- Harris Technology Group’s (HT8) shares slip following the release of declining revenue results
- The company reports sales have been negatively impacted over the past nine months, with revenue moving from $15.1 million in the first quarter to $12.6 million in the third
- This drop in sales has resulted in HT8 reducing margins on certain product ranges to remain competitive, including graphic cards and gaming monitors
- To address the changing economic environment, Harris will diversify its product mix into higher margin categories and sell across various marketplaces
- Shares plummeted 26.7 per cent to 2.2 cents each at 3:13 pm AEST
Harris Technology Group’s (HT8) shares have slipped following the release of declining revenue results.

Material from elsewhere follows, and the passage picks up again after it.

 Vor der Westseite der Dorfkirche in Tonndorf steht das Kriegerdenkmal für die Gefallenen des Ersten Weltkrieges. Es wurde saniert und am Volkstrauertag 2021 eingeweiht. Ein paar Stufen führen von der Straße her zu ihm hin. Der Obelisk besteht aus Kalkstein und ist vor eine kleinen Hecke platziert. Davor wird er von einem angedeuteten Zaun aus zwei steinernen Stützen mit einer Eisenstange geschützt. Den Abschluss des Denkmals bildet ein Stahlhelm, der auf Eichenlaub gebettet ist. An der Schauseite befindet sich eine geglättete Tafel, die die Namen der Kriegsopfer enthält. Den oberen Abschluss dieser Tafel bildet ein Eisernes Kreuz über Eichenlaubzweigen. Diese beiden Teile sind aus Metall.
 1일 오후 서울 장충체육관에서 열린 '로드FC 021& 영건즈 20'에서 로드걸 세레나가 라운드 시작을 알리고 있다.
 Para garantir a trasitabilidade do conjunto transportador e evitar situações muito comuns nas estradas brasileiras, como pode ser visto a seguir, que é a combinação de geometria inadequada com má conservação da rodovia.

The company reported sales have been negatively impacted over the past nine months, with revenue moving from $15.1 million in the first quarter to $12.6 million in the third.

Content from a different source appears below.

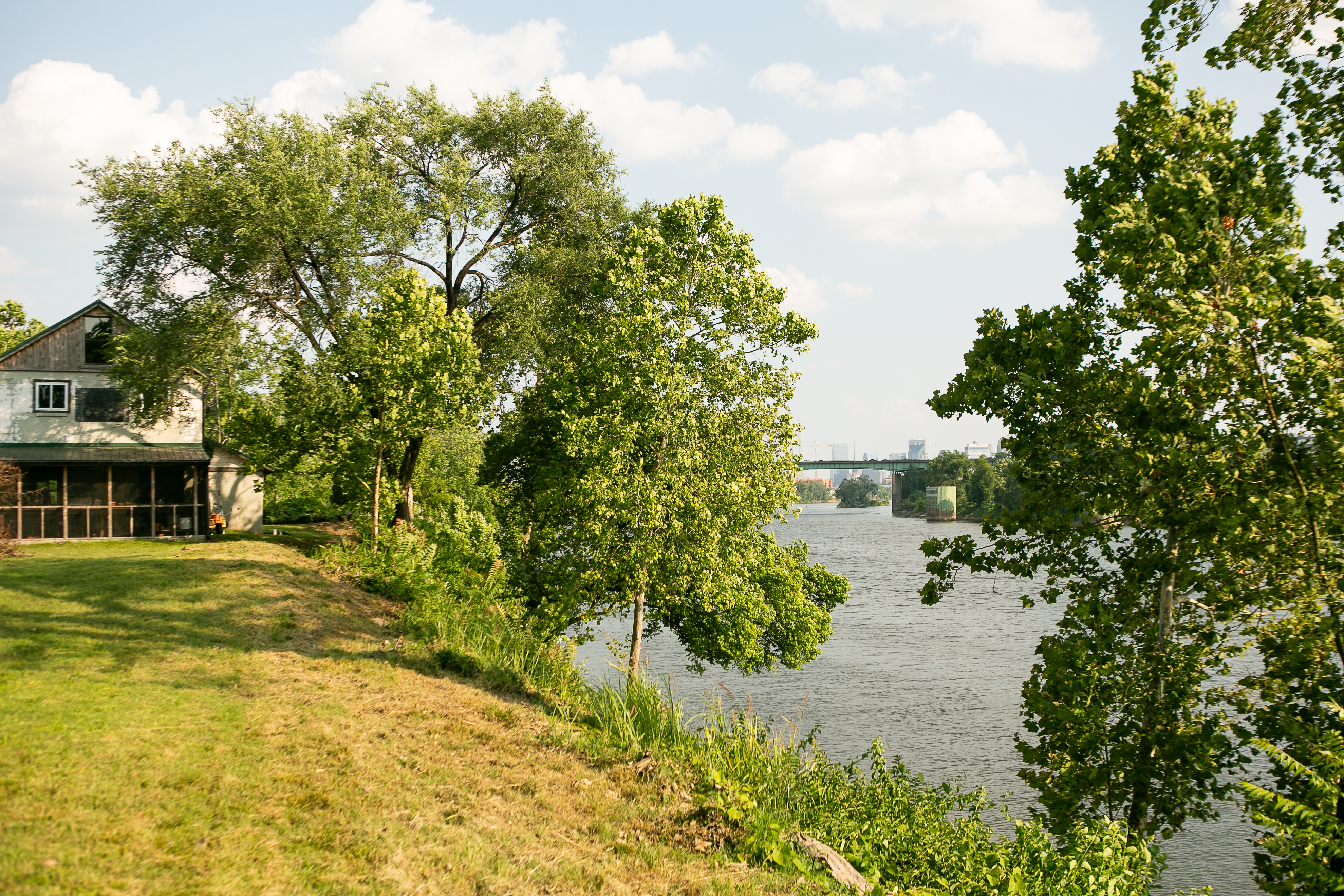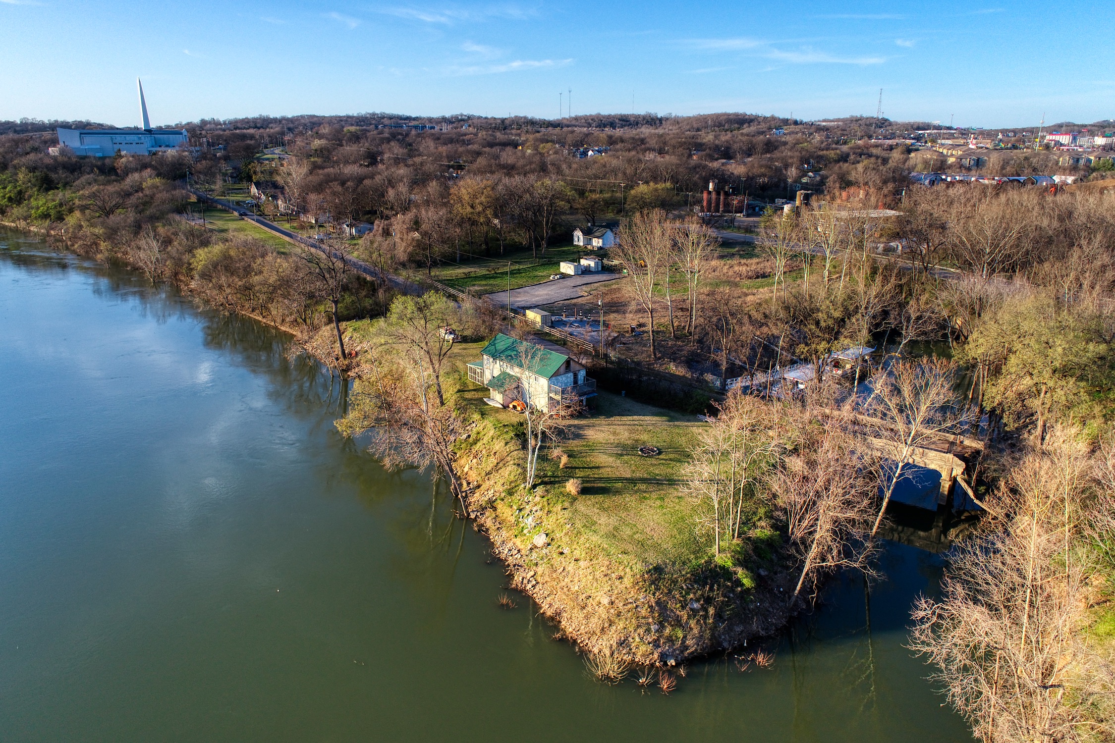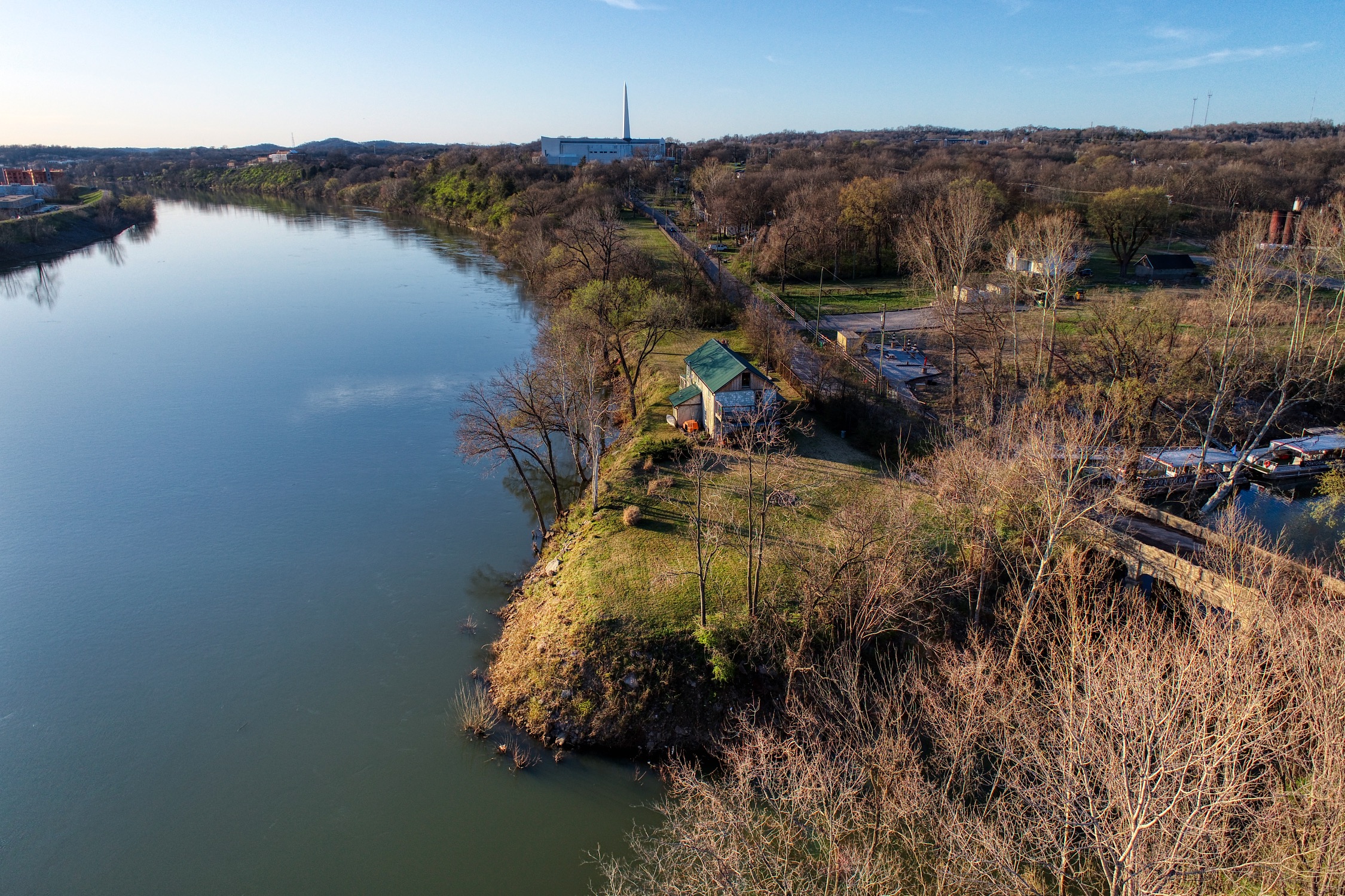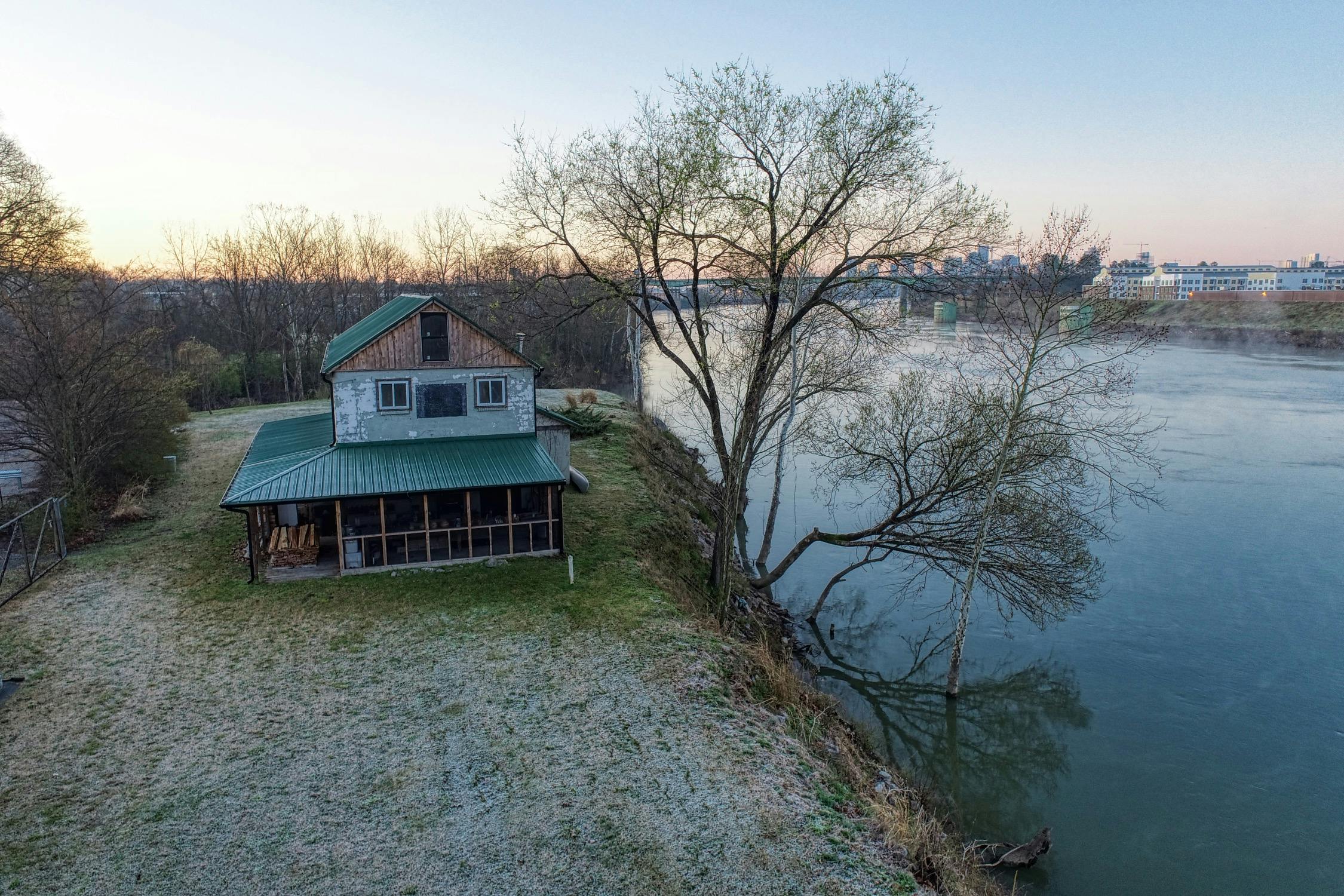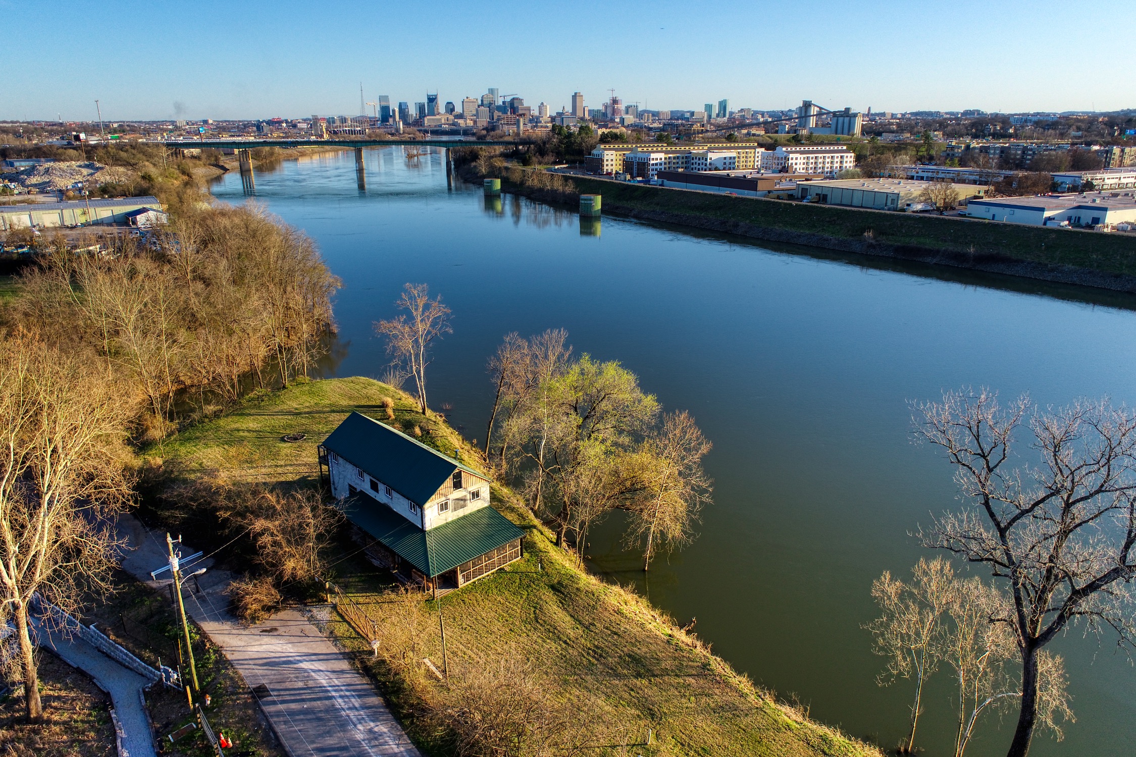 Rustic and eccentric on the bank of the Cumberland River with downtown views.

The decline was attributed to the easing pandemic restrictions and high cost-of-living impacting consumers’ spending on technology products.
It is expecting to see about 20 per cent revenue growth for the financial year, but it believes the high demand for technology products seen earlier in the year is no longer sustainable.

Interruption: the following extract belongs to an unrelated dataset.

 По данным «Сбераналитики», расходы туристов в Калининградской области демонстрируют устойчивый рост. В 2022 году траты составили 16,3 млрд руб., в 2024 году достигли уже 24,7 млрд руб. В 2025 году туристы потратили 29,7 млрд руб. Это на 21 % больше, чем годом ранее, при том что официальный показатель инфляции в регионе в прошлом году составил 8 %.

This drop in sales has resulted in HT8 reducing margins on certain product ranges to remain competitive, including graphic cards and gaming monitors.
To address the changing economic environment, Harris will diversify its product mix into higher-margin categories and sell across various marketplaces.
A net profit after tax loss is anticipated to land between $500,000 and $650,000. However, the board has insisted it has no intention to raise capital in the coming months.
Shares plummeted 26.7 per cent to 2.2 cents each at 3:13 pm AEST.